According to research from The Diffusion Group US cable networks are becoming much more active in regards to online video distribution strategies, even at the cost of straining relationships with their Pay-TV platform partners.
“Cable networks have libraries filled with high-demand video content, but in many cases the content can only be enjoyed via Pay-TV outlets such as cable, satellite, and telco-TV operators. Such is the nature of the licensing agreements now in place,” notes Colin Dixon, senior partner and director of TDG’s broadband media practice. “It is important that, as these carriage agreements are renegotiated, content studios assert their right to establish a credible branded video presence in these emerging conduits, independent of traditional TV operators.”

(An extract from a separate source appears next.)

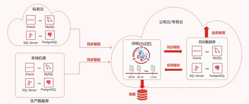 信核InfoDBS可部署在公有云/专有云上,可对本地机房、私有云、混合云架构下的各种数据库进行统一上云备份,提高数据库安全可靠性及高效恢复。

Dixon notes that, given the amount of money content networks generate from licensing content to Pay-TV operators, they have been reluctant to push too hard for risk of upsetting this long-standing and mutually beneficial relationship. However, new technologies and shifting consumer behaviour are causing content purveyors to re-evaluate the importance of these relationships.
But Pay-TV operators are not resting on their laurels. As report author and contributing analyst with TDG, Pam Allison, notes, “Powerful Pay-TV operators such as Comcast and Time Warner Cable are launching initiatives such as ‘TV Everywhere’ for several reasons, one of which is to offer cable content online to operator-owned portals that can only be accessed by their Pay-TV subscribers. At the same time, powerful TV brands such as ESPN and MTV have no problem ruffling the feathers of these incumbent operators. Many major content developers are creating their own online video outlets and partnering with other online aggregators for distribution. The tension between content owners and distributors is mounting.”